Book Review: Nights of Plague by Orhan Pamuk
by Amy Rogers. Writer. Scientist.
In 2006, Turkish novelist Orhan Pamuk was awarded the Nobel Prize for Literature. In 2016, he started writing a novel about an epidemic of bubonic plague on a fictional Mediterranean island set in 1901 during the waning days of the Ottoman Empire. In this novel Nights of Plague Pamuk explores the devastating and unexpected consequences of the plague. Society, religion, local and global politics, interpersonal relationships, schools, commerce-all are rearranged and put into conflict as the state and civil society grapple with whether and how to resist the spread of the disease, and to manage the dead and those left behind.

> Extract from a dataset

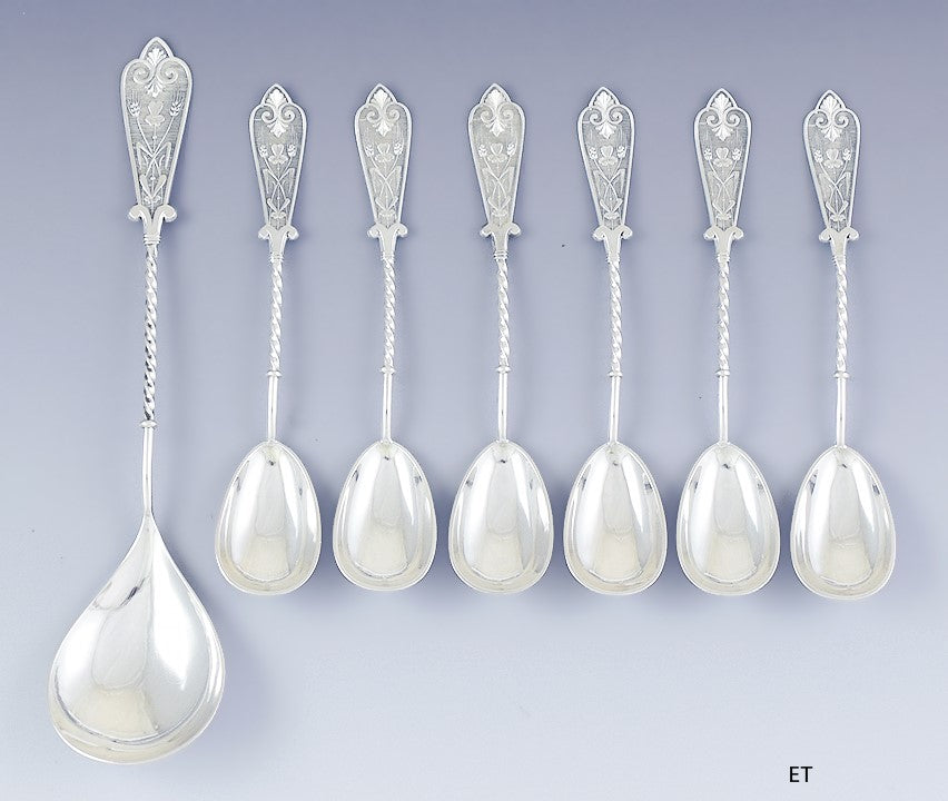 1879 Great set 6 David Andersen Norwegian Silver Dessert Spoons w/ Serving Spoon

As I read Nights of Plague, I wondered over and over again that this brilliant author had created much of this work before the coronavirus pandemic happened in the real world. It is a profound testament to his understanding of human nature and human relationships that much of what I read in his historical fiction book directly parallels what I observed in my own 21 st-century society when confronted with decisions about “non-pharmaceutical interventions” (quarantine, isolation, etc.) to hamper the spread of infectious disease. The same conflicts still exist: hunger/commerce vs risk of exposure; faith vs reason; individual vs society; freedom vs state control; the need to act based on…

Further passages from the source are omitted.